DIRECTIONS FOR THIS TASK:
Extract, exactly as written, each line from the start of the records below to the line containing "DALI (4 мА) |", both ends included; drop the pictures.

(Items from a data source)

==========

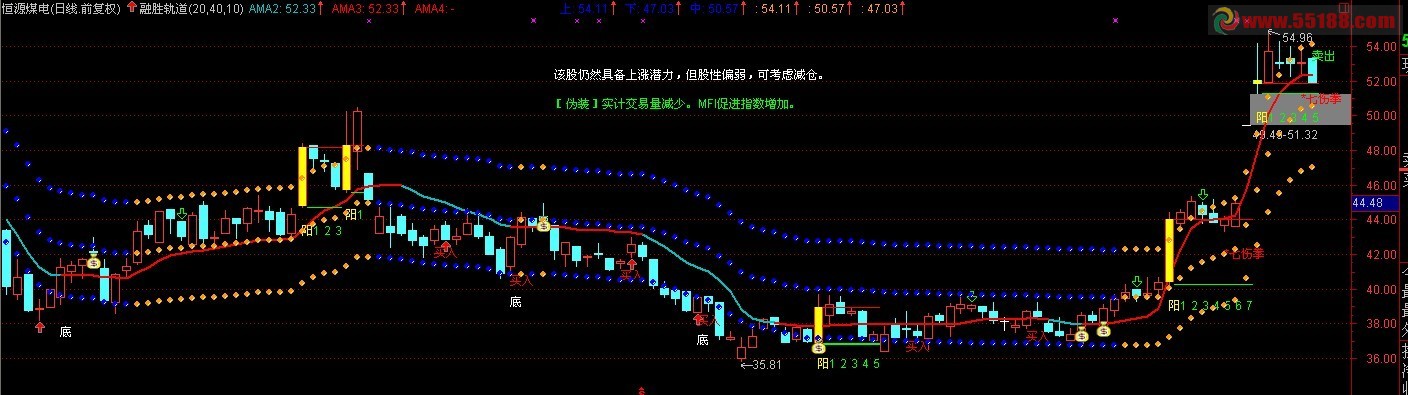上升:=IF(红轨道>=绿轨道,绿轨道,DRAWNULL),COLORRED,LINETHICK2;
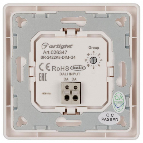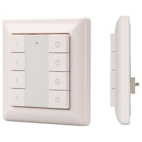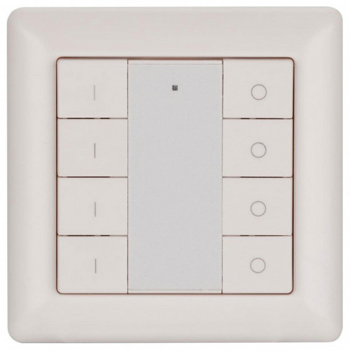| Дополнительные параметры | Встраиваемая кнопочная белая пластиковая панель для работы по протоколу DALI. Напряжение питания — 16 В (питание от шины DALI). Протолок управления — DALI DT 6. Количество групп управления — 4 группы. Установка номера первой группы выполняется переключателями на корпусе. 8 кнопок (4-е группы) 3 функции каждой группы (ВКЛ / ВЫКЛ / ДИММИРОВАНИЕ). Питание от шины DALI (4 мА) |
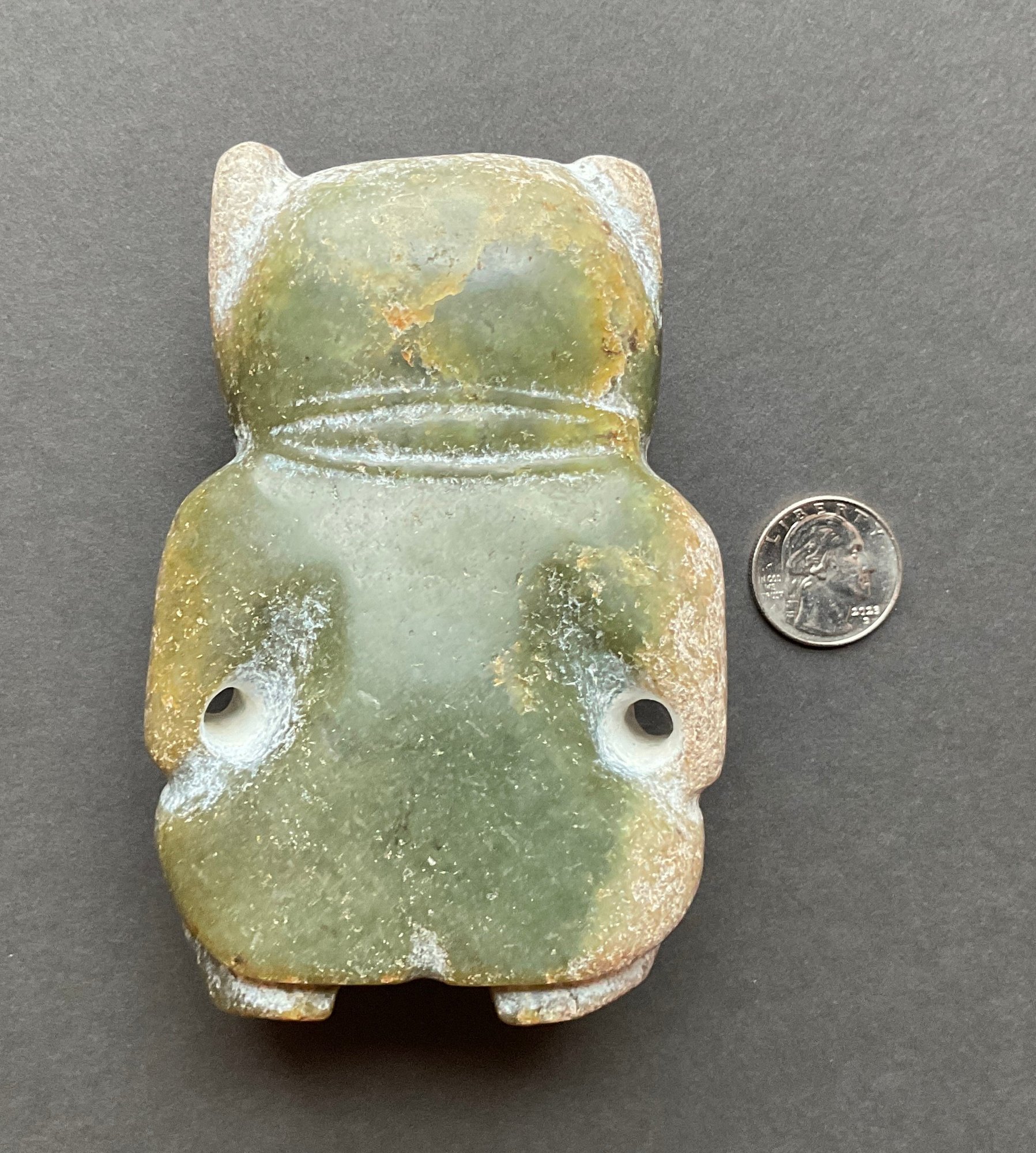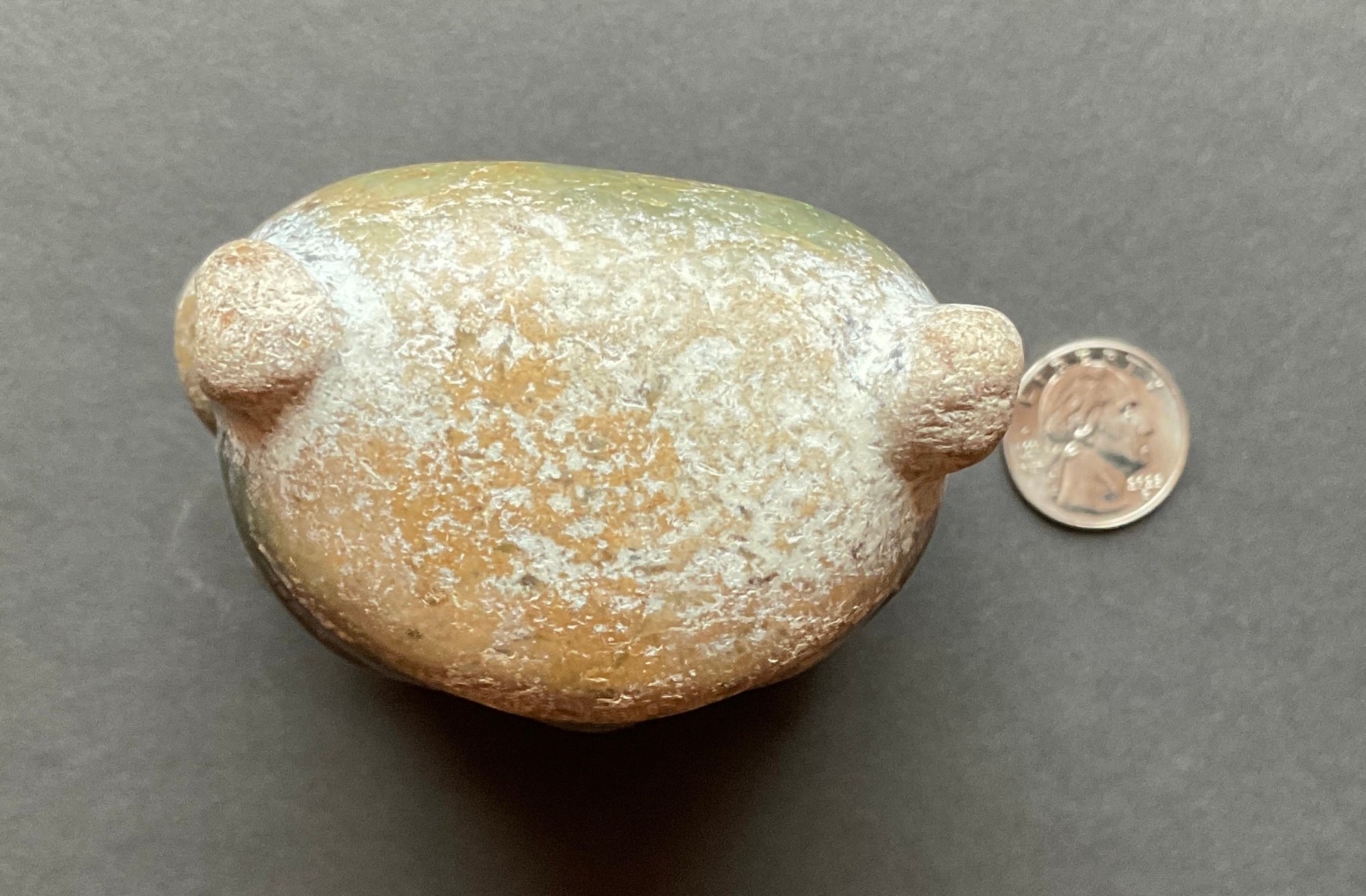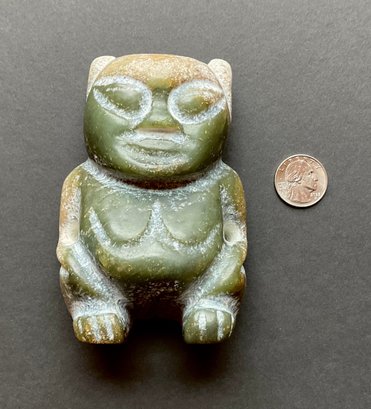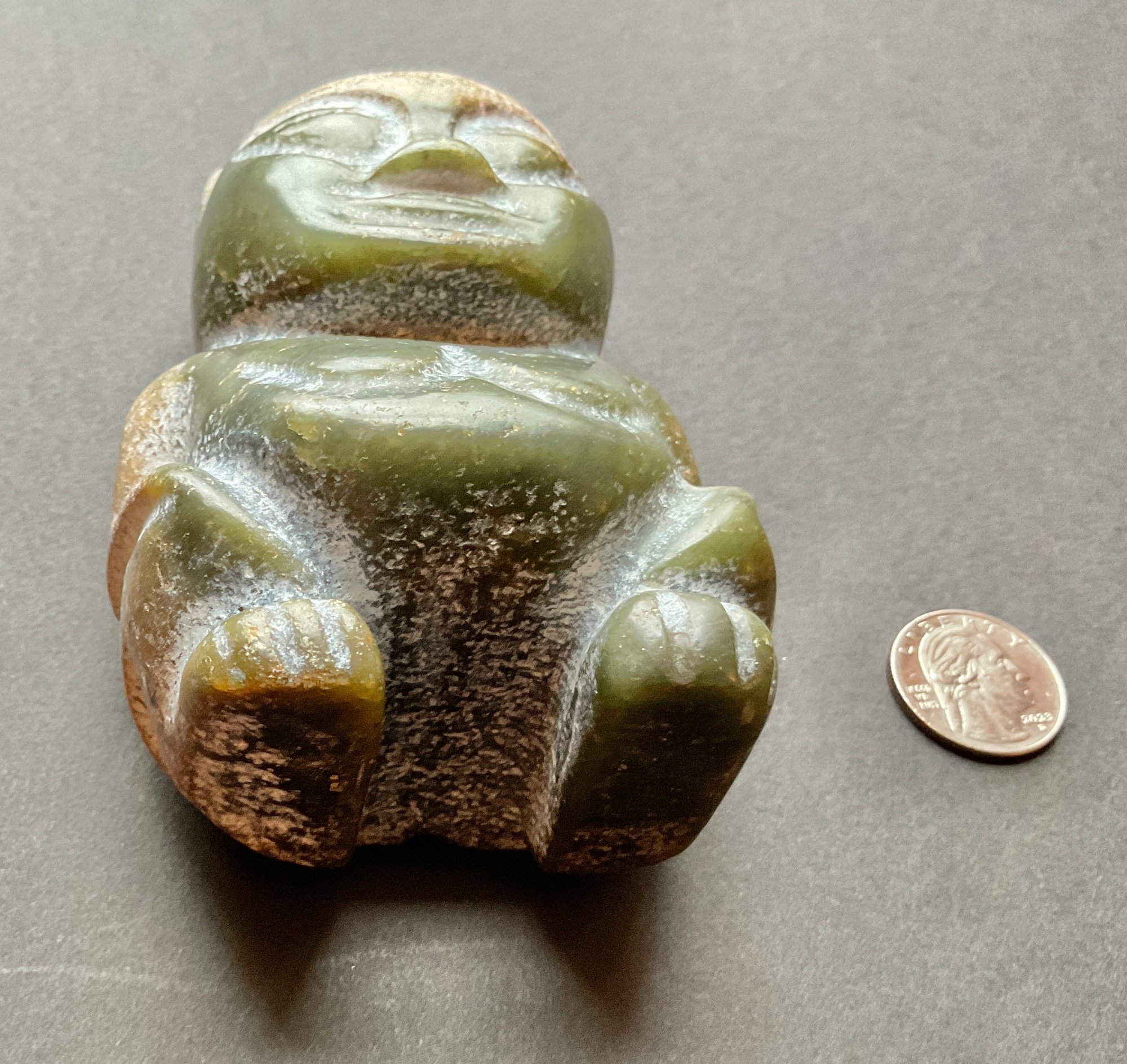 This Chinese carving is very interesting Not quite sure what this is made of it looks to be a form of Jade. Itβs very dense and very heavy. very crudely done.. and very smooth to the touch
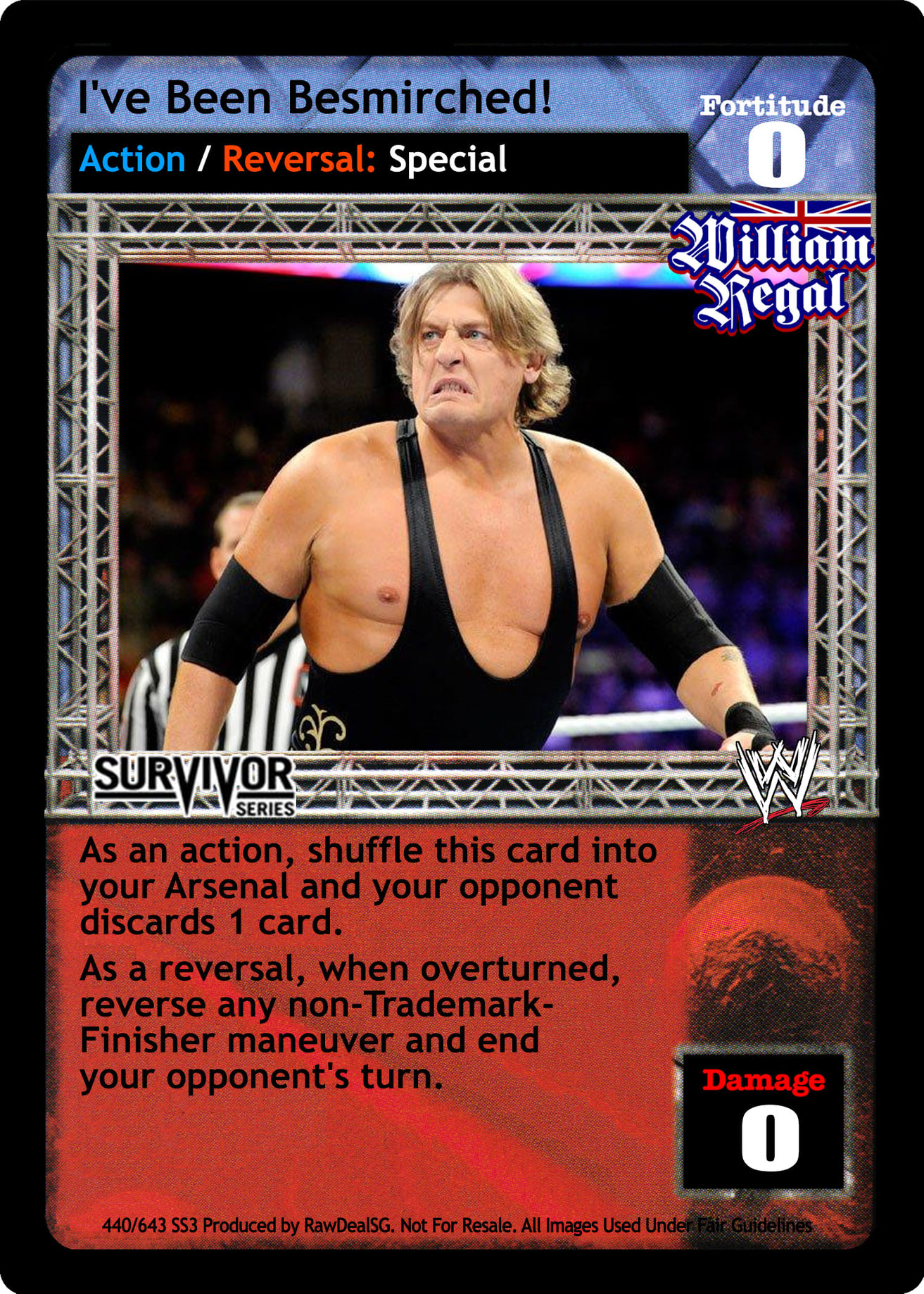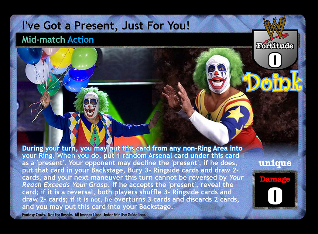 During your turn, you may put this card into your Ring. When you do, put 1 random card from your Arsenal underneath as a µpresent'. Your opponent may decline the µpresent'; if he does, shuffle it and up to 3 cards from your Ringside into your Arsenal, and draw up to 2 cards. If he accepts the µpresent', reveal the card: If it is a reversal, remove it from the game. If it is an non-hybrid action or antic, put it in your Ringside, he may shuffle up to 3 cards from his Ringside into his Arsenal and draw up to 2 cards. If it is a non-hybrid maneuver, you may play it as if it were in your hand and he cannot play reversals to it; if it is not a legal play, put it into your Backstage Area instead.
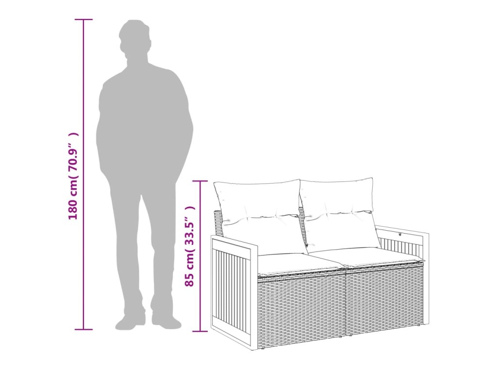 Multidom Záhradná pohovka s vankúšmi 2-miestna sivá polyratanová

==========

RESULT FOR THIS EXERCISE:
上升:=IF(红轨道>=绿轨道,绿轨道,DRAWNULL),COLORRED,LINETHICK2;
| Дополнительные параметры | Встраиваемая кнопочная белая пластиковая панель для работы по протоколу DALI. Напряжение питания — 16 В (питание от шины DALI). Протолок управления — DALI DT 6. Количество групп управления — 4 группы. Установка номера первой группы выполняется переключателями на корпусе. 8 кнопок (4-е группы) 3 функции каждой группы (ВКЛ / ВЫКЛ / ДИММИРОВАНИЕ). Питание от шины DALI (4 мА) |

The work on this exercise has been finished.